Wuthering Heights Movie Sets Valentine’s Day Weekend Release After Los Angeles Premiere
The Wuthering Heights movie is heading into theaters with a high-profile new adaptation that puts two major stars at the center of Emily Brontë’s gothic romance. Written and directed by Emerald Fennell, the film stars Margot Robbie as Catherine Earnshaw and Jacob Elordi as Heathcliff, bringing one of literature’s most volatile love stories back to the big screen.
The project has generated heavy attention not just for its cast, but for how it frames the novel’s passion and cruelty for a modern audience, while still leaning into the stormy, isolated world that made the original story endure.
Release date, premieres, and when audiences can buy a ticket
The film’s first major public moment arrived with a Los Angeles premiere on Wednesday, January 28, 2026 ET. A separate U.K. premiere event is scheduled for Thursday, February 5, 2026 ET, ahead of its wide theatrical opening.

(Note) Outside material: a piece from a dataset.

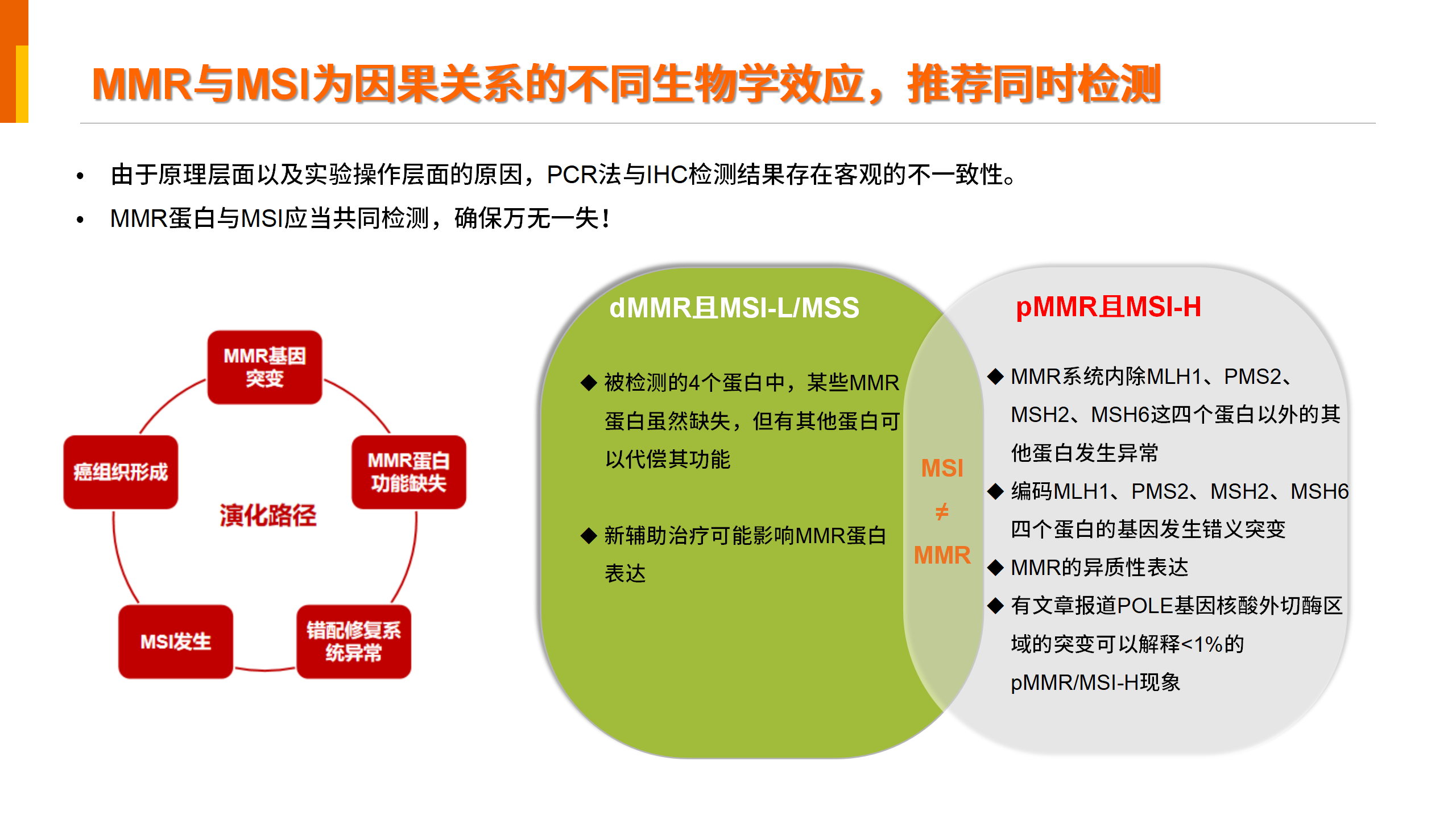 总体上,研究表明,约10%的CRC患者存在MSI-PCR和MMR-IHC检测结果不一致的情况,从而会对患者治疗选择产生影响。

The Wuthering Heights movie is set for release in theaters on Friday, February 13, 2026 ET, positioned for Valentine’s Day weekend. It is also expected to play on large-format screens in select locations.
Some specifics have not been publicly clarified, including a complete territory-by-territory release calendar outside the U.S. and U.K., and whether all regions will get the film on the same date.
Wuthering Heights cast: who plays who in the new adaptation
Robbie and Elordi lead the story as Catherine and Heathcliff, the famously intertwined pair whose relationship becomes as destructive as it is consuming. The supporting cast includes Hong Chau as Nelly Dean, the household figure who often serves as the closest thing the story has to a grounded observer.
Other key roles include Shazad Latif as Edgar Linton and Alison Oliver as Isabella Linton, alongside Martin Clunes as Mr. Earnshaw and Ewan Mitchell as Joseph. The film also features younger versions of several characters, including Charlotte Mellington as young Catherine, Owen Cooper as young Heathcliff, and Vy Nguyen as young Nelly.
While the main character list is clear, further specifics were not immediately available on how closely the film will track every plot turn and timeline shift from the novel versus streamlining events for a two-hour feature format.
What’s different this time, and why the title styling is getting attention
Even before release, the adaptation has been discussed as a “version” of the novel rather than a strict page-to-screen translation. That distinction matters with Wuthering Heights, a book built on layered narration, time jumps, and competing accounts of the same people and events. A film can capture the atmosphere and the emotional temperature, but it often has to simplify structure, compress timelines, and choose whose perspective dominates.
That’s also why the title styling has become part of the conversation. The film’s presentation signals an interpretive approach: it’s leaning into the idea that any adaptation is inherently a re-telling, shaped by the director’s lens, performance choices, and what a modern audience will accept as romantic, tragic, or unforgivable.
The casting has also sparked debate in the broader cultural conversation around fidelity to classic texts, especially when new adaptations reframe characters that readers have long pictured in specific ways.
Who this affects, and what to watch as opening weekend nears
This release will land differently across groups. Longtime readers, book clubs, and educators who teach Brontë’s work are likely to weigh the film’s choices against the novel’s themes of obsession, class power, and inherited harm. Meanwhile, theatergoers planning a Valentine’s weekend outing are getting a romance that is intentionally thorny, more nightmare than fairy tale, which may shape expectations for date-night audiences.
The film also matters to exhibitors and local cinemas, especially in February, when a buzzy, star-driven drama can draw crowds outside the typical summer and holiday peaks. And for fans of the lead actors, opening weekend becomes a referendum not only on the adaptation, but on whether this pairing translates into the kind of on-screen intensity the story demands.
The next clear milestone is the U.K. premiere event on February 5, 2026 ET, followed by the wide theatrical release on February 13, 2026 ET, when audience reception and box office performance will begin to define how this Wuthering Heights movie sits alongside the many adaptations that came before it.